# DATA SECTION
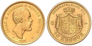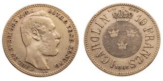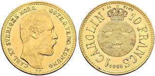 Carolin / 10 Francs 1868, Stockholm. Die Kronen im Wappen mit Schraffur. Mit der Signatur LA (Lea Ahlborn, Stempelschneiderin in Stockholm). 3.22 g. Delzanno 25. AAH 10. Fr. 92. Fast vorzüglich / About Extremely Fine.
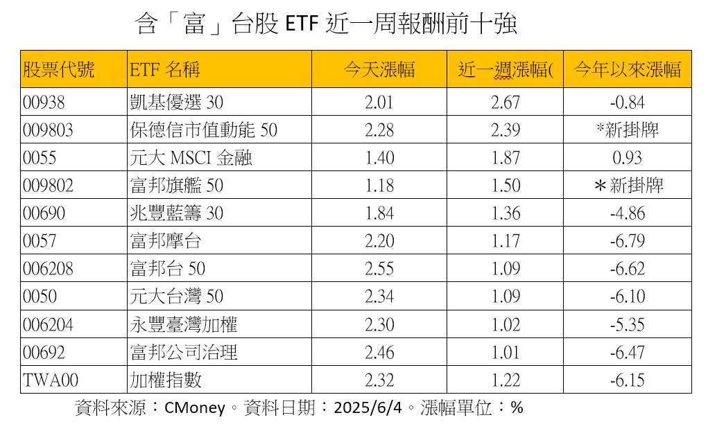 法人表示,多檔台股ETF近期調整成分股,新增富邦金、國泰金等金融股,例如凱基優選30(00938)即是一例,目前持有富邦金近15%,加上其他金控成分股,金控股相關持股權重高達五成。
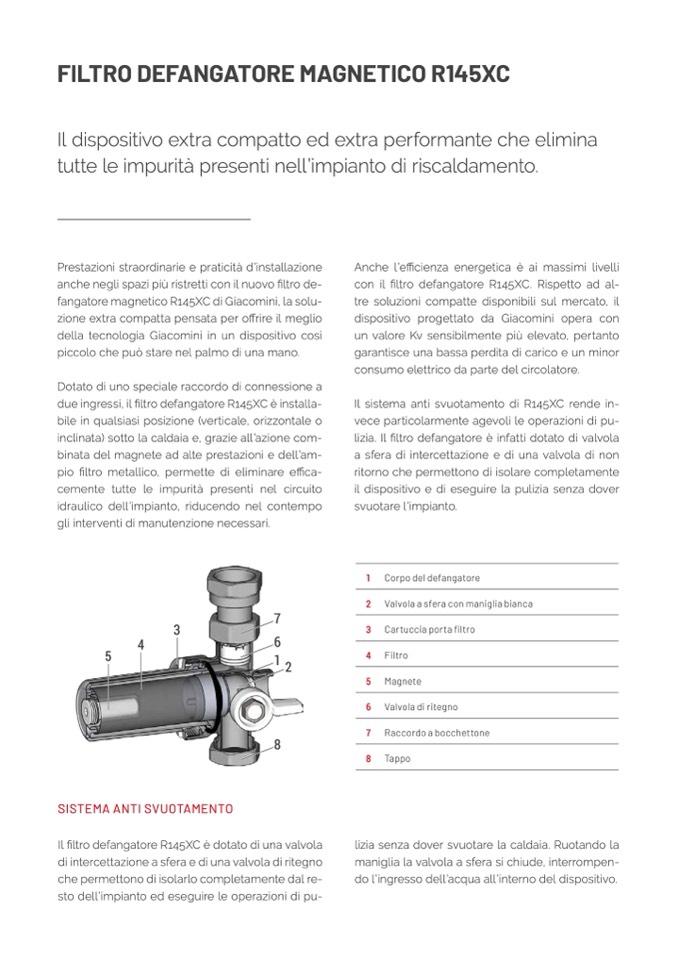 Il filtro defangatore R145XC è dotato di una valvola
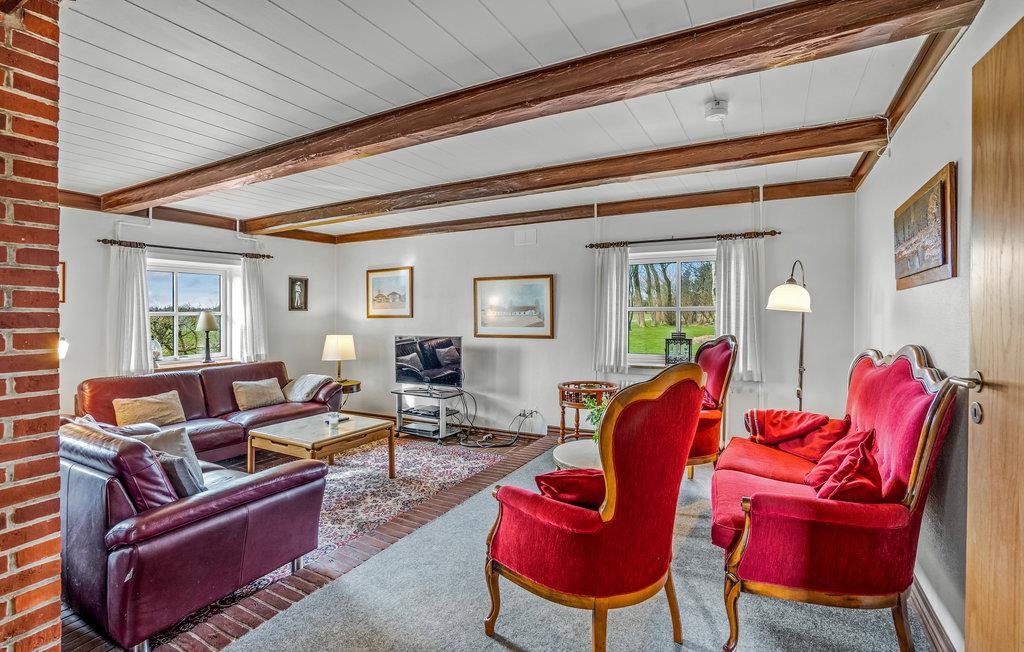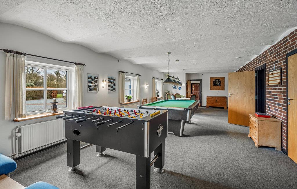 Dette flotte landsted er en skøn ramme om ferien med børnenes fætre og kusiner eller en stor vennegruppe. Her får I gode lokaler til at samles om måltider og hyggestunder, og samtidig kan alle trække sig tilbage til deres værelser, når de trænger til en alenestund. Der er også sørget for underholdningen, for I kan både tage et spil billard og bordtennis. Efter en lang dag på farten kan I sætte jer i saunaen eller tænde op i brændeovnen og snakke om, hvad I skal ud at opleve næste gang, mens varmen breder sig.

# WORK INSTRUCTIONS
Your reply should hold only the lines running from the one with "Il filtro defangatore" to the end of the data above, set down exactly, pictures omitted.

# RESULT
 Il filtro defangatore R145XC è dotato di una valvola
 Dette flotte landsted er en skøn ramme om ferien med børnenes fætre og kusiner eller en stor vennegruppe. Her får I gode lokaler til at samles om måltider og hyggestunder, og samtidig kan alle trække sig tilbage til deres værelser, når de trænger til en alenestund. Der er også sørget for underholdningen, for I kan både tage et spil billard og bordtennis. Efter en lang dag på farten kan I sætte jer i saunaen eller tænde op i brændeovnen og snakke om, hvad I skal ud at opleve næste gang, mens varmen breder sig.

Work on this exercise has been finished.